Geography is all about inspiring students to learn about the world around them, to travel and to see the world, but also to understand their place in the world as a Global Citizen.  We cover a variety of topics and teach in a range of ways to ensure students consider different view points and understand the knock-on effects and layers of complexity in the world in which we live.  Students will cover both physical and traditional geography topics, as well as human disciplines which are ever changing.  More importantly, they will appreciate how the two overlap and interact to see that humans affect the physical environment and vice versa.

Key Stage 3
At Key Stage 3 all students study Geography with topical schemes of work that are taught in a variety of ways to develop student’s geographical skills and prepare them for GCSE. Below is a sample of the topics studied in Years 7 and 8.

– In Year 7 students begin by investigating ‘What is Geography?’ before undertaking a unit on Energy and Resources, looking at non-renewable and renewable energy and problems/benefits associated with each.  Another unit is 'Rivers' where students investigate the processes that lead to the changing profile of a river as it travels downstream and the features found along a rivers course.  An exciting and engaging unit is 'Plate Tectonics' where students investigate the processes that drive earthquakes and volcanic activity and the effects these events have on human activity.  We also look at Global development and why some countries have higher birth and death rates and why some countries have longer life expectancies and higher literacy rates.


– In Year 8 students begin by studying ‘Population Change’ with a focus on population problems in rich and poor countries.  Also covered is ‘Tourism’ in different landscapes, the impact this activity has on people and the environment and how this can be managed sustainably.  Another topic covered is ‘Settlement’ in which students examine the locations of settlements, the problems that occur within urban areas and the ways in which these can be solved or managed.

Key Stage 4
During Key Stage 4, the current Year 10 and 11 students follow the AQA A syllabus, which is broken down into six units of study.

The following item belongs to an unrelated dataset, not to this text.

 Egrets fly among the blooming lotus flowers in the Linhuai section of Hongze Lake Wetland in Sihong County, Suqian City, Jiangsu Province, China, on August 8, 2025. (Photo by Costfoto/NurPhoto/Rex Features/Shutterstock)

Paper 1 Physical Geography topics:

– The Restless Earth

- Water on the Land

– The Coastal Zone

Paper 2 Human Geography topics:

- Population Change

– Changing Urban Environments

– Tourism

Students are assessed via two examinations (37.5% each) and a controlled assessment (25%).  The controlled assessment requires students to carry out an investigation, whereby they collect fieldwork along the Loughton Brook river, writing up their findings under controlled supervision.

Current Year 9 students have embarked upon the new AQA specification which has now been fully accredited.  The specification offers a wide range of human and topics which are aimed at preparing students for the challenges their generation will face.

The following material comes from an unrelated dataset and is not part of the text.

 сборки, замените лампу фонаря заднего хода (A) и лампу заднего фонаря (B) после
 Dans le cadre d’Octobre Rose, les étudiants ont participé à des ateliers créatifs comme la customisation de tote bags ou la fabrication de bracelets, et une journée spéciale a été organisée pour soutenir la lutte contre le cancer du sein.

Paper 1 is a physical paper covering various hazards, extreme weather, coastal and river landscapes and a variety of ecosystems.  Paper 2 is a human paper which covers a variety of urban issues and challenges, the varying economic wealth of countries and the associated quality of life, and the challenges of resource management, e.g. global disparities in water, food and energy distribution.  The final paper, Paper 3 tests students analytical and decision making skills and their knowledge of fieldwork techniques.

In order to meet the requirement of Paper 3, we will be embarking on two separate fieldwork trips, where we will collect data on both a physical and a human area of study e.g. we will visit the Loughton Brook river in Epping Forest to take physical measurements in the field.  To meet our Human fieldwork obligation we may visit Romford Shopping area, but this is yet to be confirmed.

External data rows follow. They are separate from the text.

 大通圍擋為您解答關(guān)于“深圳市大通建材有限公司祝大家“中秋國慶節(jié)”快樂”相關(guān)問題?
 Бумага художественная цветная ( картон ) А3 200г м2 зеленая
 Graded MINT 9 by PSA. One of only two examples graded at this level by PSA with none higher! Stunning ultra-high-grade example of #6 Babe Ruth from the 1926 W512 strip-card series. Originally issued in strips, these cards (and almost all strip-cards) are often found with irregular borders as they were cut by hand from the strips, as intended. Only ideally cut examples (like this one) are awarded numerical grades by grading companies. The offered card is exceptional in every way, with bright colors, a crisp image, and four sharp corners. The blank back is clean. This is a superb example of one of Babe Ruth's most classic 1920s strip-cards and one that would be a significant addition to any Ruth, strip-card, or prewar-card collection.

Students are assessed via three examinations:

Paper 1: Living with the physical environment (35%)

Paper 2: Challenges in the human environment (35%)

Paper 3: Geographical applications (30%)

The Geography Department believes strongly in the benefits and enrichment of field trips. In addition to the compulsory fieldwork trips that all students have to undertake to pass the course, we also provide the opportunity for Key Stage 4 students to attend field trips to Italy and Iceland where they have the exciting chance to experience Geography in action.


                                               Italy School Trip                               Epping Forest Fieldwork Trip                    Iceland School Trip

History

'Study the past if you wish to shape the future' (Conficius).

The History department prides itself on inspiring young people to make the world a better place.

We aim to teach our students about more than just what happened in the past.  We believe that young people should learn how the past affects society today and the lessons that can be learnt from past civilisations.

Students are given a clear picture of how all events, no matter how far away they seem, have a profound impact on the way we live our lives today.  We encourage our students to analyse, evaluate and question decisions made and consider how this has shaped modern society.

The department is always keen to use innovative techniques to develop our students interest in History.  Our designated Twitter page and YouTube Channel help to engage students.

'Watch the news on TV, or read a newspaper and you'll soon see for yourself the importance and value of studying History.  The major events that shape our lives - from the global economic crisis to 9/11 - cannot be properly understood without reference to their historical roots .  Studying History gives us the tools to better understand our world and appreciate how the past influences the present and the future.' (Professor Vic Gattrell, History Fellow at the University of Cambridge).


Key Stage 3

We build on students prior knowledge from KS2; studying the following topics:

Year 7

Local History: the history of Havering up to 1900; the importance of RAF Hornchurch during the Second World War; Havering inside 1945 and the current demography of the borough.

Norman Conquest: English society in 1066; the three contenders to the throne; the Battle of Hastings; castle building (with a project where students create a model castle) and how the Normans changed England.

Church vs. State: the rivalry between English Monarchs and the Church, including: the murder of Thomas Becket; The reign of King John; Henry VIII and the English Reformation.

The English Civil War: the causes of the Civil War; the reasons for parliament's victory; life in England under Oliver Cromwell and the Restoration and Glorious Revolution.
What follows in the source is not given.